# Running REW for speakers



## gperkins_1973 (Aug 25, 2008)

Hi there,

I sorted out my sub no probs with REW but when I set my speakers to 75db in check levels which is fine and adjust my input level to -18db I am only getting a 27db measurement on my graph.

Anyone help please. :help:

cheers

Graham


----------



## gperkins_1973 (Aug 25, 2008)

Here's a picture of what I am getting. Please help asap! :scratch:

cheers
Graham


----------



## Moonfly (Aug 1, 2008)

Does the graph tally up with what the SPL meter shows itself? It really looks like your subs raised levels are having the effect of raising your crossover point. Your speakers look fine over 150hz, and given the boosts you have applied to your sub thats exactly were you would expect the crossover to end up.


----------



## gperkins_1973 (Aug 25, 2008)

Dan,

The spl meter reaches up to 82db. I have never had this before. It has always been fine.

Any ideas what would normally cause that to happen.


cheers
graham


----------



## gperkins_1973 (Aug 25, 2008)

Dan,

The BFD and Behringer are off so the only signal going through is the two speakers.

So REW should only be reading the speakers shouldn't it.

cheers
Graham


----------



## gperkins_1973 (Aug 25, 2008)

Dan,

Still a bit confused, shouldn't REW only measure what is connected at the time. My REW sub graph shows it tailing off.
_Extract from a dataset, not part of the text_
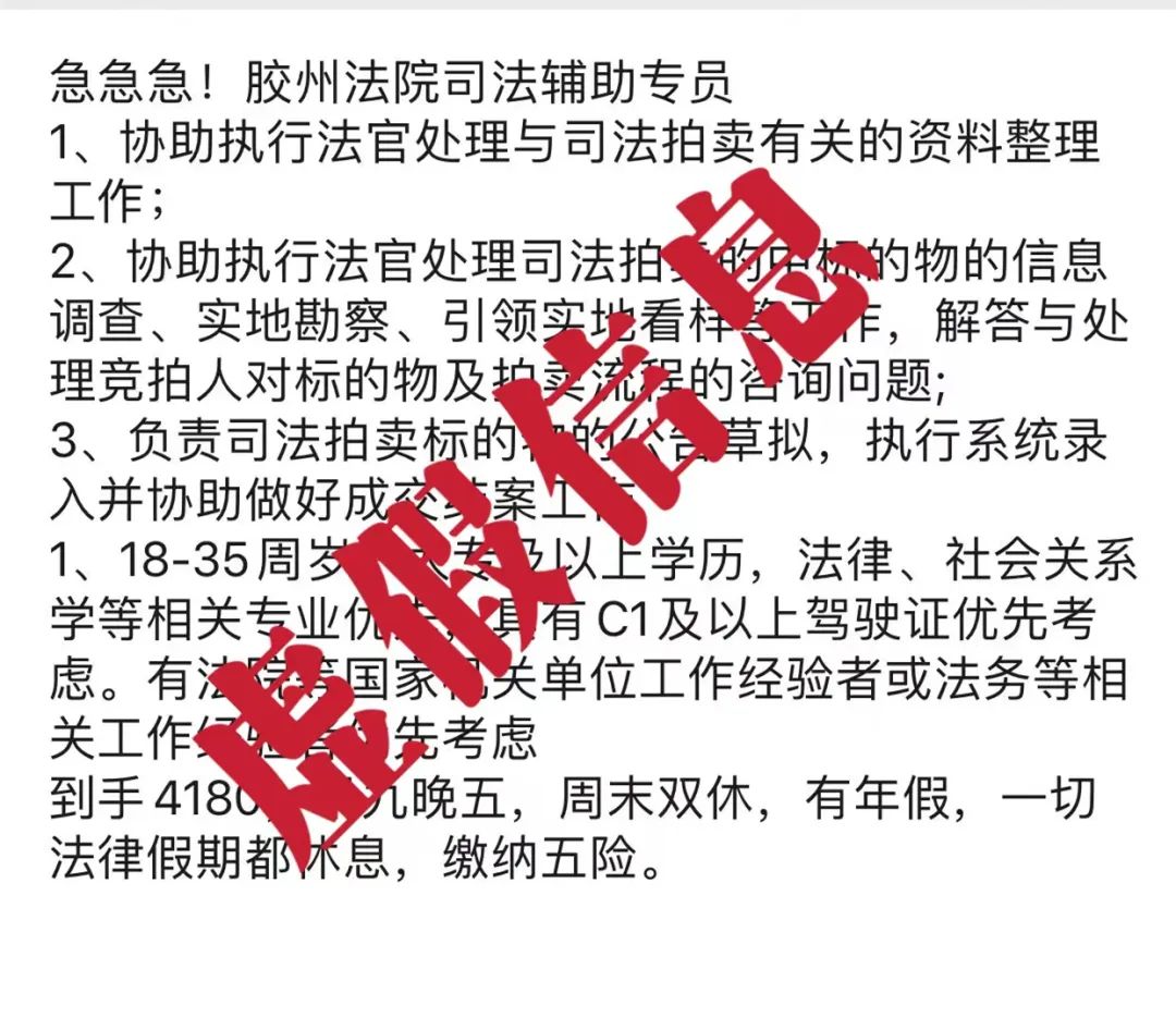 8月23日,膠州法院發(fā)現(xiàn)不法分子在微信朋友圈發(fā)布關(guān)于“膠州法院招聘司法輔助專員”的虛假招聘信息,并向求職者索要數(shù)萬元的高額手續(xù)費。該信息并非膠州法院發(fā)布,已第一時間向公安機關(guān)報案。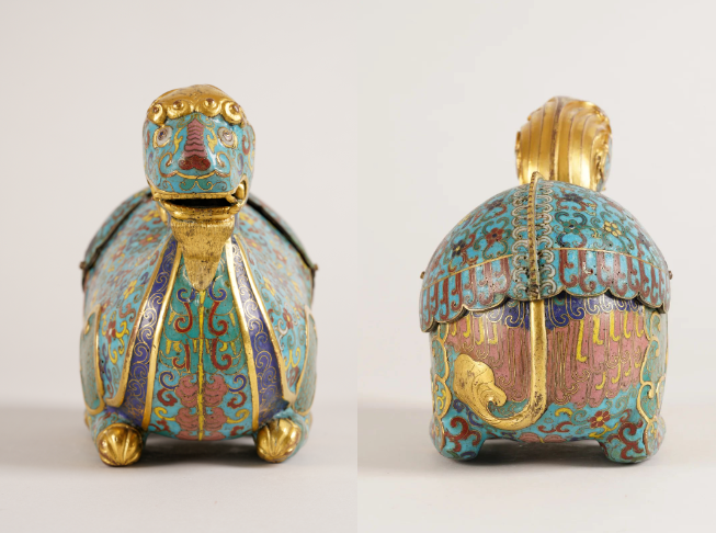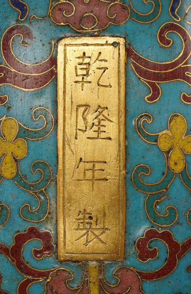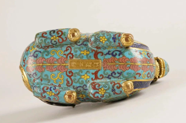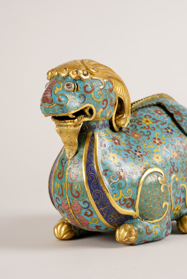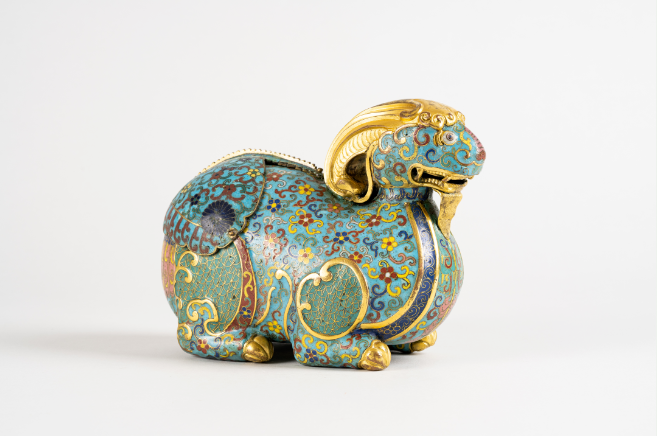 以铜胎作卧羊形态,体态丰腴饱满,口部微张,双目炯炯有神。周身以掐丝绘制各式花卉图案,天蓝色珐琅釉作地,红、黄、蓝等多色珐琅釉填绘花朵。腹底铜鎏金长方块上阴刻“乾隆年制”四字楷书款。“羊”字因发音与“祥”相近,故以羊来表示吉祥,称“大吉羊”。其珐琅质地、色彩、掐丝、鎏金都具有典型的乾隆朝特点,造型别致,工艺精湛,不仅存世稀少,又具标准款识,属清中期珐琅器代表性作品,具有极高的展示和收藏价值。

Does this mean that REW is not accurately measuring. Surely if I only have two speakers connected set to 75db then it should only measure them two with the crossover set to 80hz. The sub isn't even in the equation at the moment so in theory REW doesn't even know that the sub exists.

cheers

Graham


----------



## brucek (Apr 11, 2006)

> Here's a picture of what I am getting. Please help asap


I don't see the problem? Explain.

brucek


----------



## Moonfly (Aug 1, 2008)

If your measuring only the speakers, ensure your using the speaker test tone.


----------



## gperkins_1973 (Aug 25, 2008)

Hi Guys,

Attached is another picture show what db the measurement is. It is showing 31.2db yet the target is supposed to be 75db so my graph is way too low. But my problem is I am measuring using the speaker tone to get 75db which is fine and then I adjust the input level to -18db which is fine. I then do a measurement and that is ok and then I only get 31.2db which can't be right. So when I lay my sub and speaker graph together the levels are all wrong. 
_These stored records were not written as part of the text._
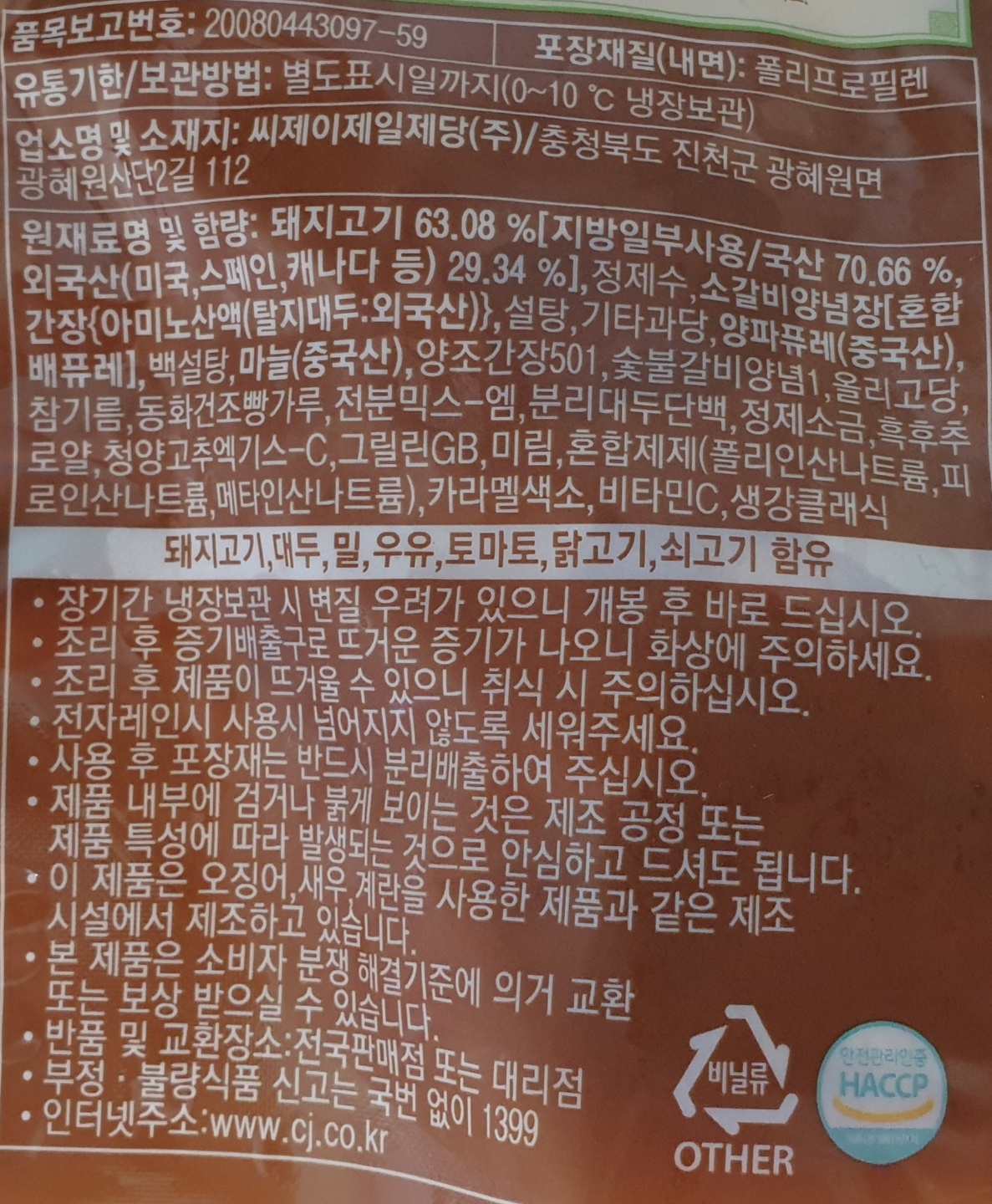 제품명: 비비고 한입떡갈비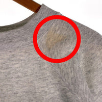 状態説明 | 使用感は感じられませんが、前身頃首元、左肩から手首、後身頃首元に黄色いシミ汚れが見受けられます。 |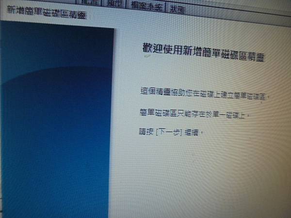 【掃描磁碟】Seagate希捷3.5吋SATA→500GB組裝桌上型電腦使用分割三個磁區~先前正常使用及讀取檔案→無故變成動態磁碟後讀不到~要救回硬碟重要工作檔案→新增簡單磁碟區精靈 歡迎使用新增簡單磁碟區精靈~新北市三峽區-邱先生【下一步】

I hope I have explained it ok.

cheers
graham


----------



## Moonfly (Aug 1, 2008)

brucek said:


> I don't see the problem? Explain.
> 
> brucek


I think he is wandering why his speaker levels appear low. His sub shows reference level with the amps volume at -28. It would seem the is a 10db or so discrepancy, but that could be down to him running his sub hot, not sure :scratch:


----------



## gperkins_1973 (Aug 25, 2008)

Dan,
The sub amp is set to 28db on the gain (advised by behringer) but my sub is calibrated to just under 80db on the spl meter running test tones through the onkyo hence my sub trim level is -9db.

Hope that clears that up.

cheers
graham


----------



## gperkins_1973 (Aug 25, 2008)

Dan,

I just ran some sine wave test sounds to the speakers and 60,80,100 and 120 hz all came out at 75db and 140 came out higher, probably due to a peak. 

wierd

cheers

Graham


----------



## brucek (Apr 11, 2006)

> It is showing 31.2db yet the target


Do you mean the 31.2 dB showing beside the measurement checkbox below the graph? 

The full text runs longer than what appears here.